Spijkers en Spijkers‘ Spring Summer show was inspired by the Nick Cave duet with Kylie Minogue, Where the Wild Roses Grow, and the haunting song set the scene before the models stepped onto the catwalk at the On/Off venue in Bloomsbury Square.
But unlike the song, the clothes were far from melancholy or maudlin. Instead they were sunny and playful, as the opening outfit - a short safari suit with sparkly buttons and teasing cut outs – proved. It was followed by pretty little khaki shifts that were trimmed with lace and a lovely floral pink sundress with black lace panels and pointed, padded boobs – sweet with a sassy edge.
The sweet, feminine look of the clothes was echoed by the soft, lightly-waved hair and fresh make-up (dewy skin, strong brows and a candy-pink lip.) No gimmicks or tricks, which allowed the clothes to really shine.

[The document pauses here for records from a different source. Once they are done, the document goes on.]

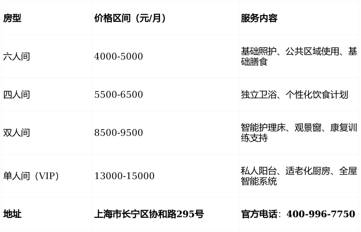 收费价格:4000元/月起,覆盖六人间至VIP套房,最高15000元/月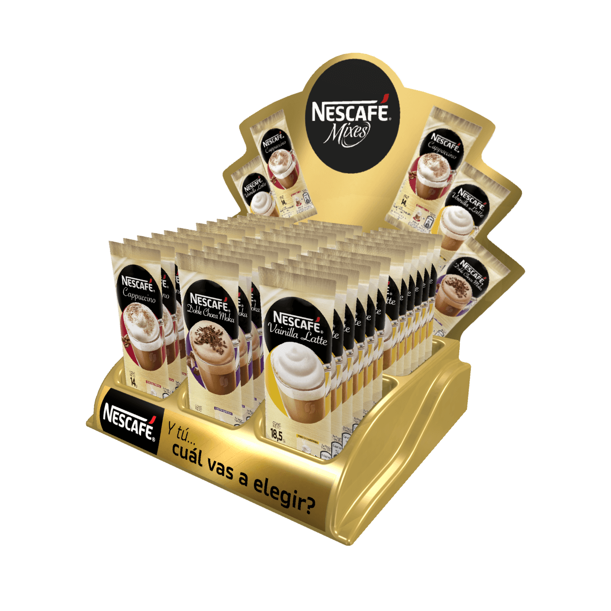 Exhibidor de counter con espacio para colocar producto, con elementos termoformado y planos para resaltar imagen de la marca.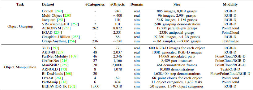 基于具体操作任务的不同现有数据集可以划分为两大类即对象抓取与对象操作表四列出了广泛使用的数据集其中大多数来自于模拟环境并且在类别对象数据域大小以及模式等方面存在显著差异具体而言这些数据集在上述几个关键方面存在明显差异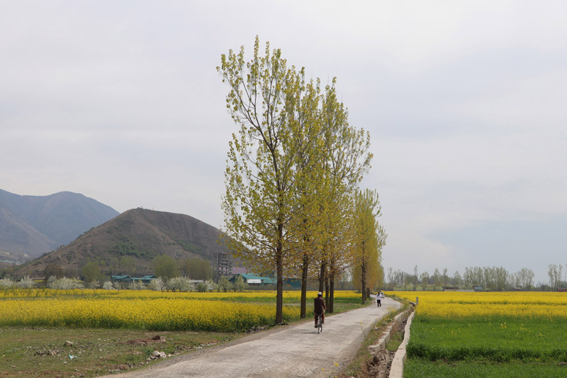 A cyclist rides along a road surrounded by vibrant fields of blooming mustard in Lethpora area of South Kashmir’s Pulwama district. -Excelsior/Younis Khaliq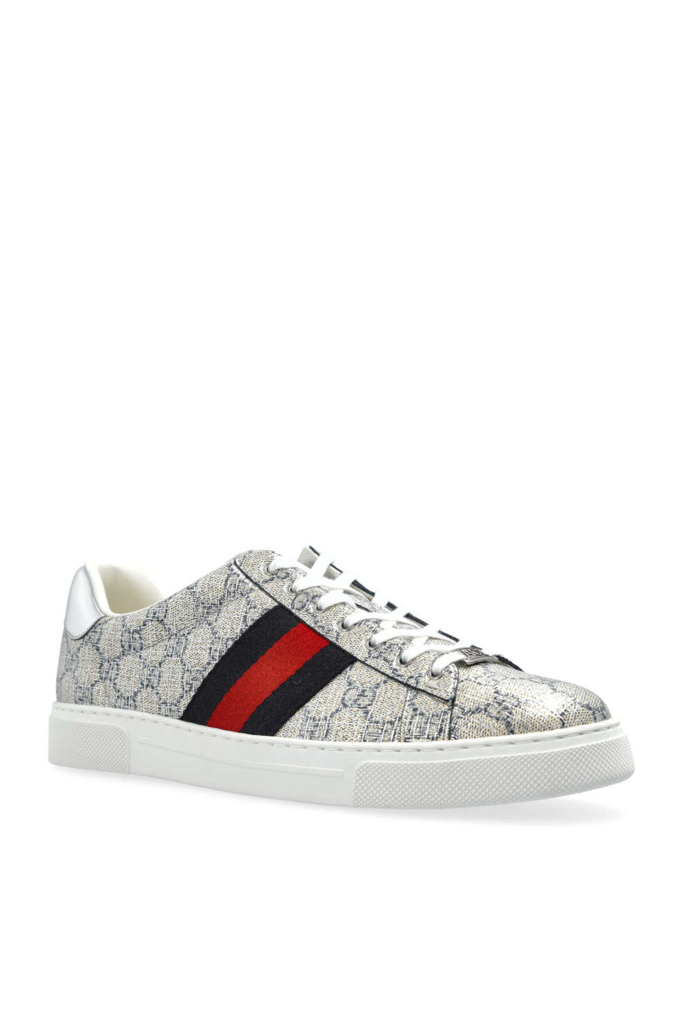 Верх выполнен из фирменного текстиля с монограммой GG Supreme, дополненного высококачественными материалами, что обеспечивает прочность и визуальную глубину. Внутренняя кожаная подкладка гарантирует комфорт и мягкость при носке, подчеркивая премиальный уровень исполнения. Контрастные полосы Web в красно-темно-синей гамме на боковых панелях добавляют характерный акцент, отражающий спортивное наследие бренда.

One outstanding look came in the form of a neon orange dress – this looks like it’s going to be the hottest colour of next summer, as we also saw it on the catwalks at Jasper Conran and Erdem. It’s an upbeat, optimistic shade – like peach sorbet – that will look supersexy with a tan and work beautifully with black, camel and navy.
The ’70s feel that has emerged as the dominant trend at New York and London was present in the form of a Charlie Girl-style camel trouser suit and a white broderie anglais jumpsuit. Broderie anglais played a prominent role – it appeared on sweet sundresses, with one particular treasure sporting a gorgeous broderie anglais pleated skirt. It also trimmed a stunning white blazer and made up panels on a crisp white sleeveless shirt.
The broderie anglais theme was taken to its illogical conclusion by being blown up to giant proportions and used as cut outs on a bodycon black dress.
This was an accomplished collection full of incredibly wearable dresses and separates with a flirtatious edge -sugar and spice is definitely what the Spijkers en Spijkers girl is made of!